Ordination is a difficult subject to discuss in isolation from church and ministry with their multiple ramifications. All that this brief article can hope to do is to attempt a somewhat selective survey of some areas of recent discussion.

Jewish Antecedents

Lawrence Hoffman’s recent study of ‘Jewish Ordination on the Eve of Christianity’2 argues that in rabbinic Judaism of the tannaitic period, i.e. the first two centuries, there is no evidence of a rite of ordination by laying on of hands. The use of laying on of hands in Moses’ commissioning of Joshua (Nu. 27:22–23; Dt. 34:9) with the verb sāmak, ‘to lean, lay, rest’, does not, in Hoffman’s view, establish a parallel rabbinic custom when the same verb sāmak is used. Only about half-a-dozen rabbinic texts are at issue, whereas in about 150 occurrences of semiḵāh the reference is unambiguously to laying hands on sacrifices. Hoffman concludes that in the handful of uncertain instances semiḵāh denotes not ordination but sacrificial imposition of hands.

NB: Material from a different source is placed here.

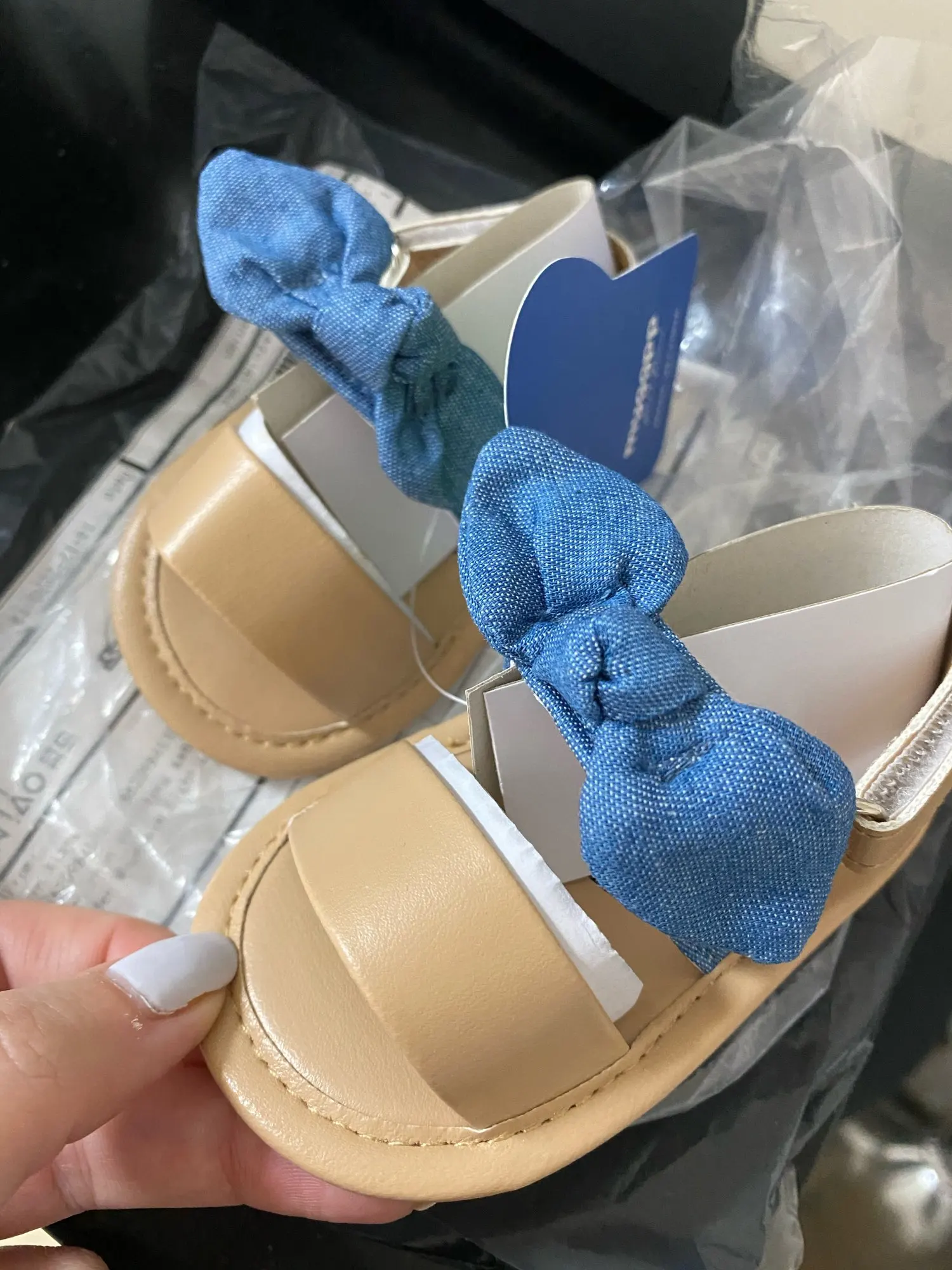 Сандали прикольные, выглядят стильно, разочаровало только то, что подошва мягкая, на улице не походишь, но для дома или коляски в самый раз. Доставка быстрая, до Саратова пару недель. По размеру подошли.

He proceeds to claim that such evidence as is available from the post-tannaitic era suggests that prior to c.200 rabbis were appointed ‘by mouth’, ‘by naming’, explicitly not ‘with hands’. Furthermore, the normal verb of appointment is not sāmak but mānâh, ‘to assign, appoint’. The ordination of a rabbi would thus have been effected by a formulary announcement, but the dominant use of mānâh shows that ‘no specific term arose to define rabbinic appointment. Strange as it may seem to us, who single out clerical appointment from all others, ordination in Palestine was subsumed, terminologically at least, along with other civil designations. Rabbis were “ordained” in that they were appointed to specific functions as communal workers; they were part of the civil service of their day.’3

Such radical conclusions are by no means shared by all scholars. Although it is widely recognized that rabbinic ordination by laying on of hands prior to ad 70 is at best unproven, it is widely held that the example of Moses in Numbers 27:15–23 and Deuteronomy 34:9 became the basis of rabbinic practice, understood as the teacher’s handing on to his pupil the very spirit of Moses. Whereas Hoffman confined his enquiry entirely to Jewish evidence, other writers have explicitly taken cognizance of Christian sources, notably 1 Timothy 4:14 and 2 Timothy 1:6, in concluding that the rabbinic rite must have antedated ad 70. That is to say, the Christian ordination of the Pastorals is close enough to the post-ad 70 model of the ordination of the Jewish teacher by semīḵāh of hands as to overcome any serious doubts about the pre-70 currency of the Jewish rite. This is broadly the opinion of Kilmartin, Eduard Lohse4 and Georg Kretschmar.5

On the other hand, Arnold Ehrhardt, in a much-noticed article, discounted the dubious evidence for Jewish semīḵāh ordination before ad 70 and argued that the Pauline rite of laying on of hands derived from the directinfluence of the Mosaic commissioning of Joshua.6 Primitive Jewish Christianity, on the other hand, adopted a different practice, appointment by solemn seating, literally installation, which is attested for the elders of the Sanhedrin.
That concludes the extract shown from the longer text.